Эрзя и сам раньше видел зловещую полосу, но не придал ей значения, решив, что это скорее всего просто трещина в куполе или дефект объемного изображения.
– Хотите узнать, что произойдет, когда «слой Керзона» достигнет Галактики? – предложил Джой. – Наши машины смоделировали все возможные варианты.
– Нет! – резко ответил Эрзя. – Я хочу только знать, когда это произойдет?
– Теперь уже скоро…
– Как скоро?
– Возможно, через несколько часов. Во всяком случае, нам не придется ждать больше суток.
– И там, на Земле, еще никто об этом не знает?
– Никто. Да и зачем знать, если все равно ничего уже изменить невозможно? По нашим расчетам, все кончится быстро. Для чего омрачать людям последние часы жизни? Достаточно того, что мы здесь, на астроцентре, уже много дней живем как приговоренные.
– И это вы… вы сказали, что ничего уже изменить невозможно?!. – простонал неудачник.
– Какое имеет значение, кто сказал? – неожиданно взорвался Джой. – Вы поймите: ведь это конец! Конец всему, раз и навсегда! Ожидание может свести с ума. Скорей бы уж все кончалось!
– Так вот зачем вы пригласили меня сюда! – тихо сказал Эрзя. – Хотели показать, что перед лицом всеобщей катастрофы мои терзания просто теряют смысл. Прекрасно задумано!
– Что с вами, Эрзя?
– Что с вами, Джой? Вы обманули меня! Нет, нет, это я сам себя обманул. Очередная «приятная» неожиданность. Цепь моих неудач и не думала обрываться. Итак, очередная ошибка!
Последних слов собеседник уже не услышал, потому что это были всего лишь невысказанные вслух мысли.
«Ну конечно же, Джой вовсе не Исключительный! Что я нашел замечательного в выражении его лица? Печать обреченности? Но она здесь у каждого. Если сейчас Джою рассказать, как я в нем обознался, может быть, это скрасит ему последние минуты: вместе посмеемся. Нет, тут не до смеха… Чепуха, в конце концов, над собой я могу посмеяться Ведь это страшно смешно: как я в последний раз обознался! Но об этом уже никто не узнает. А жаль, что даже тени улыбки, мелькнувшей на чьем-то лице, не останется после меня. Ты смеешься потому, что еще не веришь в близкую неизбежность. А как в это можно верить, если дышится так легко? Но эти люди – эти боги предвидения… Им-то я могу еще верить, всем могу верить, кроме себя. Хватит! Неудачи тоже могут кое-чему научить. Пора подвести итоги.

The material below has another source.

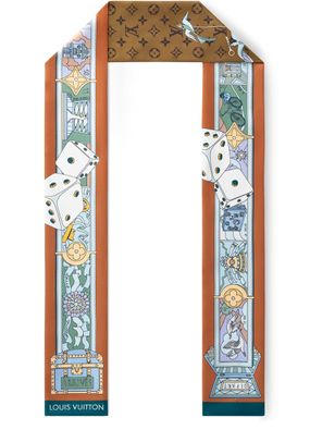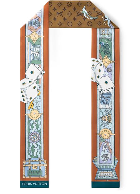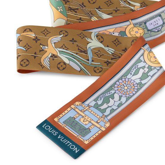 Doté d'un design ludique et élaboré, ce bandeau LV Journey en soie allie un savoir-faire d'exception à une signature discrète de la Maison. Son imprimé original s'orne de motifs Monogram et d'éléments qui évoquent le voyage et les jeux, tels que des malles, des sacs et des dés. À la fois moderne et intemporel, ce modèle s'impose comme un accessoire emblématique en devenir.

Мы создаем в себе неповторимый мир. Что поделаешь, если у такого, как я, слово «неповторимый» надо всегда понимать слишком буквально. Постой! Не в этом ли кроется то самое, что мешает жизни следовать по пути, проложенному моим воображением? Когда я вижу все, что должно случиться… Нет, «вижу» – это не то слово: само событие происходит во мне… Ну это уж слишком! С меня достаточно одного мифа об Исключительном. Хотел бы я видеть того шустрого информатора, который изобрел эту средневековую кличку. Будь Исключительный реальным лицом, одно это имя побудило бы его прятаться от людей.

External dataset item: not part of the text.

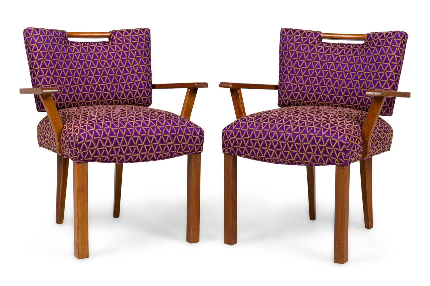 Pair of Paul Laszlo Mid-Century American Geometric Upholstered Armchairs

Ну бог с ним, с информатором! Это уже не имеет значения. Как ты думаешь, что же все-таки произойдет? Как все это будет? Что со мной?! Опять жалкие попытки вообразить невообразимое! Ну и пусть! Есть привычки, расстаться с которыми не легче, чем с жизнью.

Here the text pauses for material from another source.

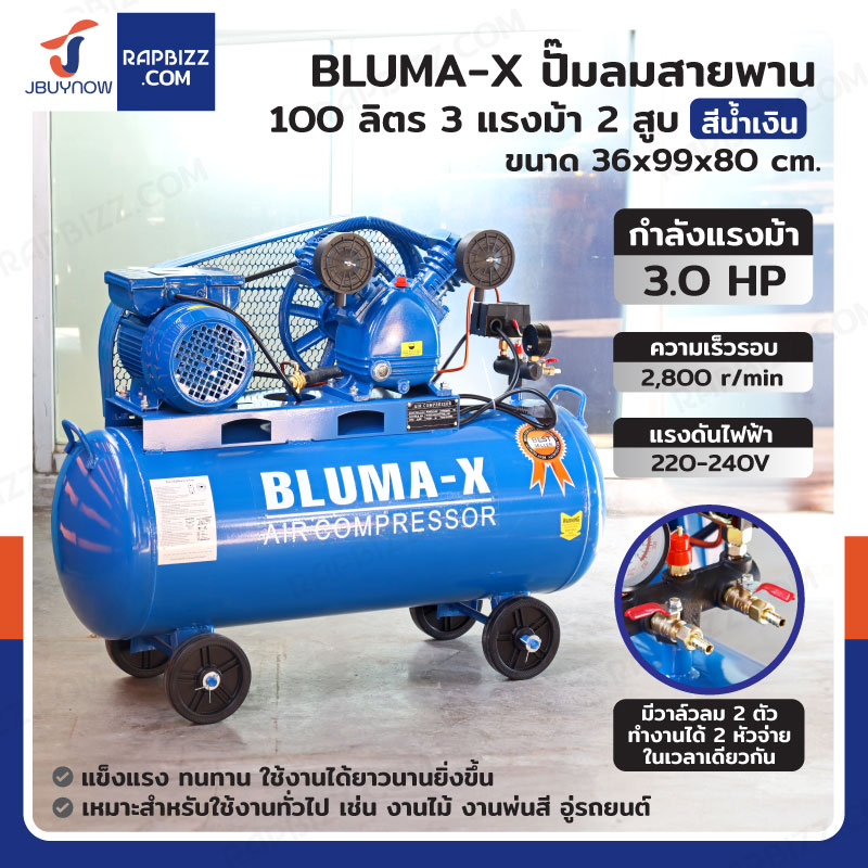 BLUMA-X ปั๊มลมสายพาน 100 ลิตร 3แรงม้า 2สูบ สีน้ำเงิน

Я – человек, и привычка думать присуща мне, как дыхание. Стремление получить неведомую информацию не оставит меня до конца.
Спокойно! Главное – сосредоточиться. Еще… Еще спокойнее…
Так. Ну, кажется, началось… Опять трещит голова и разрывается сердце. Зато теперь можно охватить все в целом.
Вот оно, черное щупальце, тянется к самому сердцу! Взрыв энтропии – исчезает тепло и движение. Гаснет разум. Последний всплеск жизни – застывшее недоумение. Скопление звезд расплывается облаком космической пыли – мусором мирового пространства… Вот оно! В один миг столько боли! Держись!.. Только бы не потерять сознания…
А теперь давай, как всегда, вперед – сразу и как можно быстрее! Не упустить ни одной возможности, ни одной детали – все удержать в себе! То, что сейчас происходило с Эрзей, он никогда не смог бы передать словами. В нем, погибая, трепетала Галактика, и последние удары живых сердец страшной болью отзывались в его сердце. Лишь это ощущение боли говорило о том, что сам он еще жив…
Эрзя открыл глаза.
Сквозь гул в ушах слышно было чье-то дыхание. Пахло лекарствами. Больной взглянул прямо перед собой.
– Он жив! Жив! – услышал Эрзя голос Джоя. – Смотрите, доктор, он открыл глаза!
– Только тише. Пожалуйста, тише, – сказал врач. – Дайте ему прийти в себя.
Больной увидел перед собой взволнованное лицо астронома. – Эрзя, зто я, Джой! Вы слышите меня? Случилось невероятное: приборы зарегистрировали взрыв энтропии в самой энтропогенной среде – «слой Керзона», быстро теряя плотность, нейтрализуется. Мы спасены!
«Ну и слава богу, – подумал Эрзя. – Только зачем так кричать? Теперь я, кажется, знаю, что происходит. Не ощущение неизбежной реальности, но сама реальность входит в меня раньше своего срока, и тогда обрываются связи, нарушается последовательность событий, неизбежное становится невозможным. Кто я и что я могу?
Человек знает много способов изменять и творить реальность, я такой же, как все. Просто природа подарила мне еще один способ».
– Эрзя, – произнес Джой над самым его ухом, – теперь я могу сообщить, кто вы! Не удивляйтесь, вы и есть тот самый…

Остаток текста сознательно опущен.